With the pictures omitted, print exactly the lines below, from the one containing "This coffee table" through the one containing "Specification Style: Modern", and nothing else.

DATA EXCERPTS:
....

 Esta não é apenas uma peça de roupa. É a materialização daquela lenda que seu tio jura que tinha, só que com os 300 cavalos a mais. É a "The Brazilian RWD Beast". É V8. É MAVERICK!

....

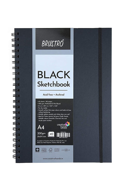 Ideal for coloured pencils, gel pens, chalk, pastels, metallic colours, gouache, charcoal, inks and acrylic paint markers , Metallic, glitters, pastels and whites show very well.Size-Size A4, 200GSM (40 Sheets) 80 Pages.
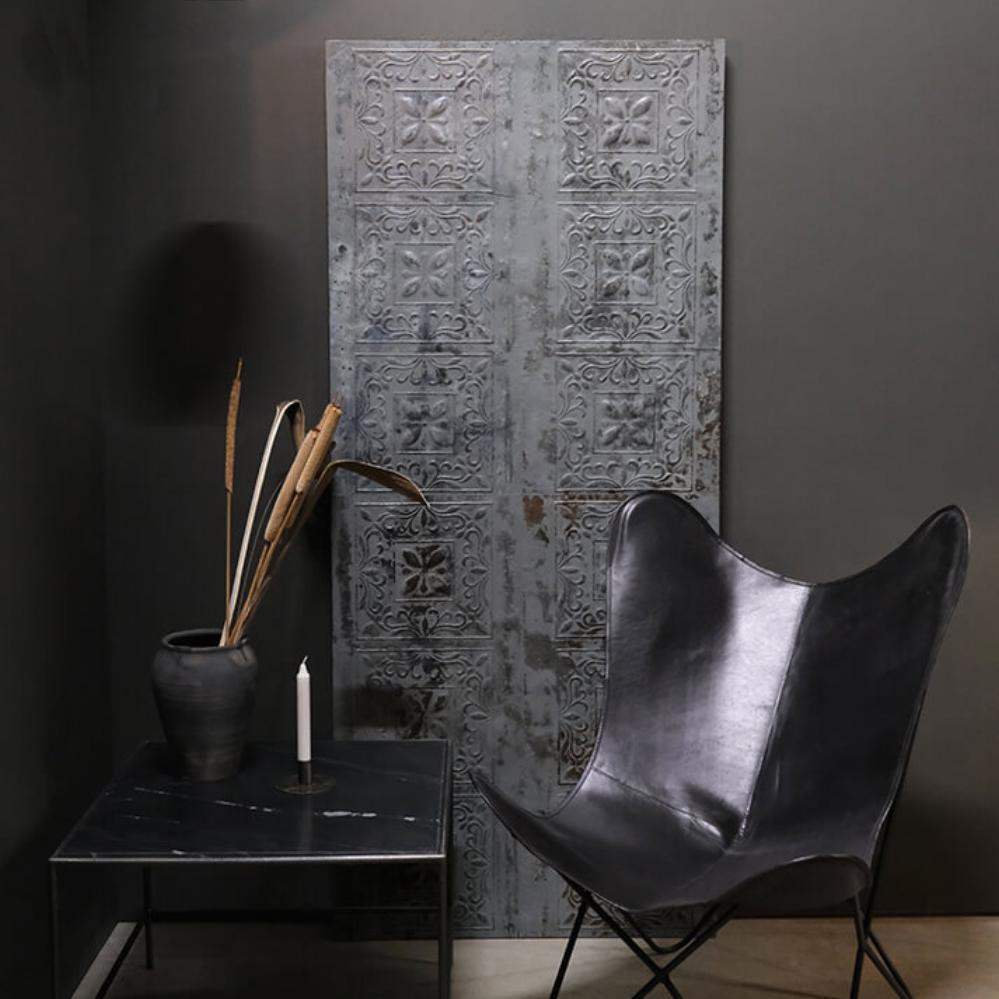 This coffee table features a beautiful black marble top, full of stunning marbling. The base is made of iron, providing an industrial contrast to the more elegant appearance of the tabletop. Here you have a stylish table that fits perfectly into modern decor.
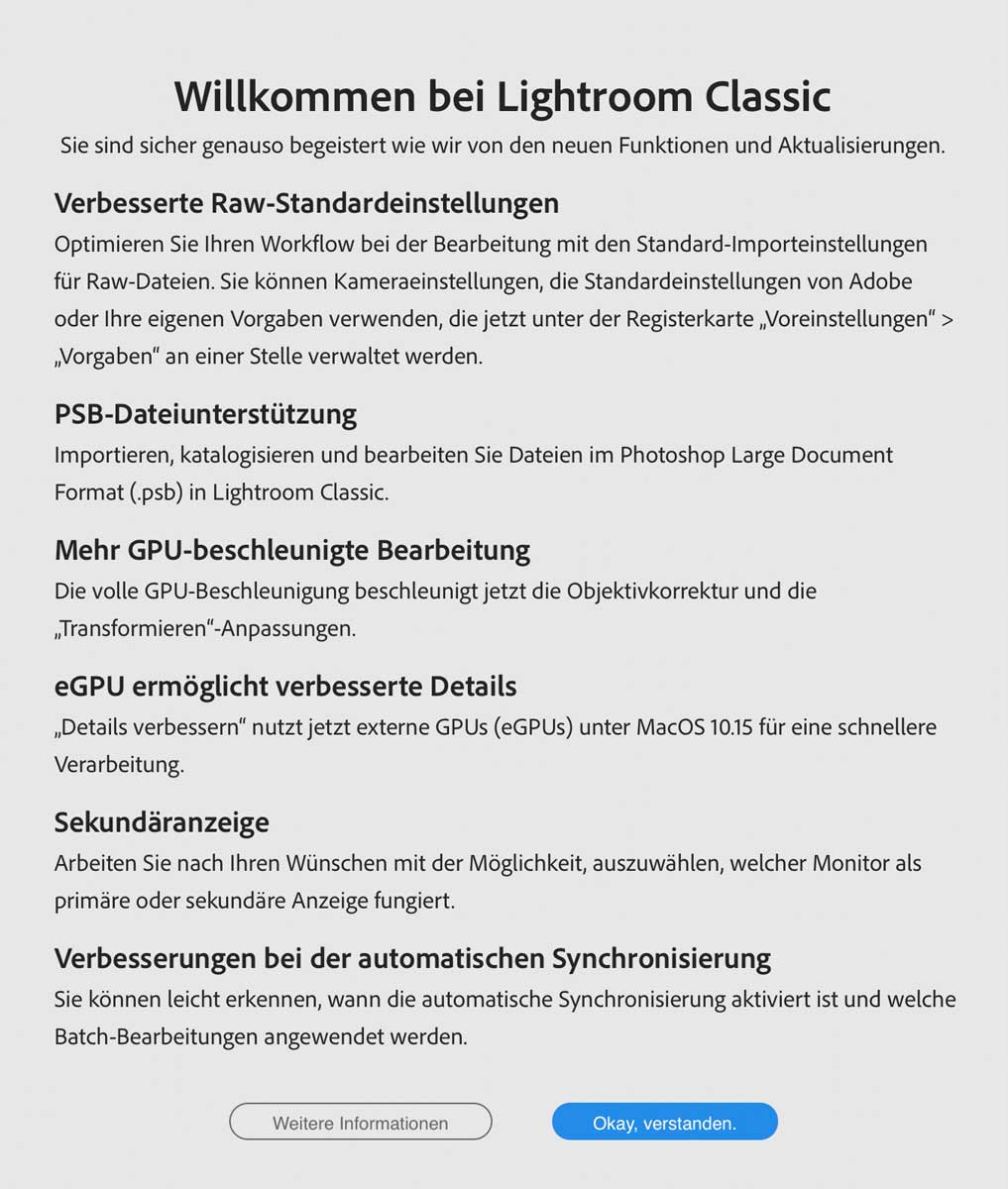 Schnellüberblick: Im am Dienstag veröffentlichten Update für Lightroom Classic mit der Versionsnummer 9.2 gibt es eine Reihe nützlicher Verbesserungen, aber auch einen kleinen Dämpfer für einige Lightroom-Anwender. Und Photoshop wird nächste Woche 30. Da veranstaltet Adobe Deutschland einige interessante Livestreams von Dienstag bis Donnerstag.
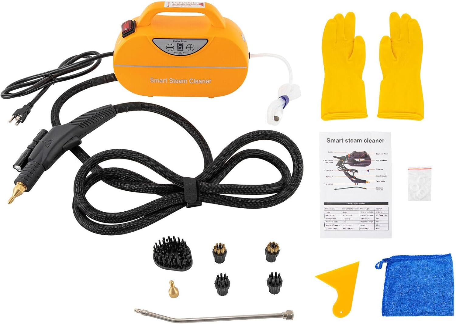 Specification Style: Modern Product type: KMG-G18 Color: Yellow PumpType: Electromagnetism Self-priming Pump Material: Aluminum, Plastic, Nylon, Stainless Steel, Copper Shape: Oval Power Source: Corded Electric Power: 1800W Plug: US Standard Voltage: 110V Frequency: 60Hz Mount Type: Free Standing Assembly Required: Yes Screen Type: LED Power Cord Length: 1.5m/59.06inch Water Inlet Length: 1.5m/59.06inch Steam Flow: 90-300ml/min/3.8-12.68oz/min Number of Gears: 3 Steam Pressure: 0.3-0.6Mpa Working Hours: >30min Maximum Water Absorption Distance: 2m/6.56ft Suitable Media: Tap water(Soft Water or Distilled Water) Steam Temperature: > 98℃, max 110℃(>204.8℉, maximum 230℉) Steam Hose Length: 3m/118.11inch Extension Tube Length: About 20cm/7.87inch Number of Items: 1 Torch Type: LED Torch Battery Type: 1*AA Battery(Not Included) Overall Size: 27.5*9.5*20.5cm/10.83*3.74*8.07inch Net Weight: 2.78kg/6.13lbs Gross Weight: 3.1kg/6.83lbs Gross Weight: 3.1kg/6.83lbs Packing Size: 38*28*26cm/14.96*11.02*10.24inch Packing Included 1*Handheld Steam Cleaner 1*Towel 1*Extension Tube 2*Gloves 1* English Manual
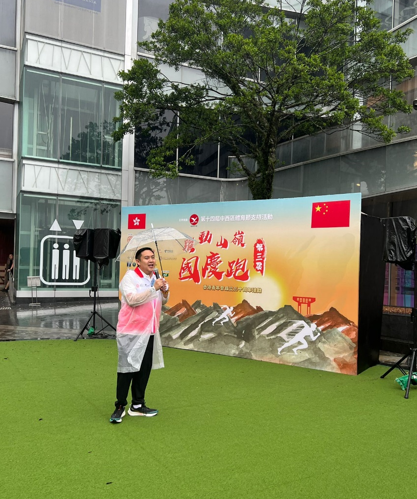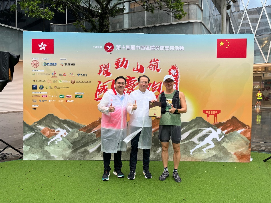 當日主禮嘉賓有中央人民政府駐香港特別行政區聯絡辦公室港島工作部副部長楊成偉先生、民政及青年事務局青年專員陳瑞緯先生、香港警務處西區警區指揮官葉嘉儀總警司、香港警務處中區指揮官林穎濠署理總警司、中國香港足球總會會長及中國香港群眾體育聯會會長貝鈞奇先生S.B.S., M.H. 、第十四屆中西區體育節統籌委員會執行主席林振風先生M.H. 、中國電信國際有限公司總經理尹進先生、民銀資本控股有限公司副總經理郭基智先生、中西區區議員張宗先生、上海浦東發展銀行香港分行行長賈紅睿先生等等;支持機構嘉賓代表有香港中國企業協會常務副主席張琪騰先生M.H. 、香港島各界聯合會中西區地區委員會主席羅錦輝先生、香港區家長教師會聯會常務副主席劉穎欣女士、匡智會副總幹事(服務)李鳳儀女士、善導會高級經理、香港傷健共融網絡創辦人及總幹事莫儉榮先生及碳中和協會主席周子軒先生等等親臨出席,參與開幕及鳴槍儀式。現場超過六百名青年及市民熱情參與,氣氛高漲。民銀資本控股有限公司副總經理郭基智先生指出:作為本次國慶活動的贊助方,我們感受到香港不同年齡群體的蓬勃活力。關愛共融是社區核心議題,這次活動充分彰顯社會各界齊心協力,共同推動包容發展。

....

ANSWER BOX:
 This coffee table features a beautiful black marble top, full of stunning marbling. The base is made of iron, providing an industrial contrast to the more elegant appearance of the tabletop. Here you have a stylish table that fits perfectly into modern decor.
 Schnellüberblick: Im am Dienstag veröffentlichten Update für Lightroom Classic mit der Versionsnummer 9.2 gibt es eine Reihe nützlicher Verbesserungen, aber auch einen kleinen Dämpfer für einige Lightroom-Anwender. Und Photoshop wird nächste Woche 30. Da veranstaltet Adobe Deutschland einige interessante Livestreams von Dienstag bis Donnerstag.
 Specification Style: Modern Product type: KMG-G18 Color: Yellow PumpType: Electromagnetism Self-priming Pump Material: Aluminum, Plastic, Nylon, Stainless Steel, Copper Shape: Oval Power Source: Corded Electric Power: 1800W Plug: US Standard Voltage: 110V Frequency: 60Hz Mount Type: Free Standing Assembly Required: Yes Screen Type: LED Power Cord Length: 1.5m/59.06inch Water Inlet Length: 1.5m/59.06inch Steam Flow: 90-300ml/min/3.8-12.68oz/min Number of Gears: 3 Steam Pressure: 0.3-0.6Mpa Working Hours: >30min Maximum Water Absorption Distance: 2m/6.56ft Suitable Media: Tap water(Soft Water or Distilled Water) Steam Temperature: > 98℃, max 110℃(>204.8℉, maximum 230℉) Steam Hose Length: 3m/118.11inch Extension Tube Length: About 20cm/7.87inch Number of Items: 1 Torch Type: LED Torch Battery Type: 1*AA Battery(Not Included) Overall Size: 27.5*9.5*20.5cm/10.83*3.74*8.07inch Net Weight: 2.78kg/6.13lbs Gross Weight: 3.1kg/6.83lbs Gross Weight: 3.1kg/6.83lbs Packing Size: 38*28*26cm/14.96*11.02*10.24inch Packing Included 1*Handheld Steam Cleaner 1*Towel 1*Extension Tube 2*Gloves 1* English Manual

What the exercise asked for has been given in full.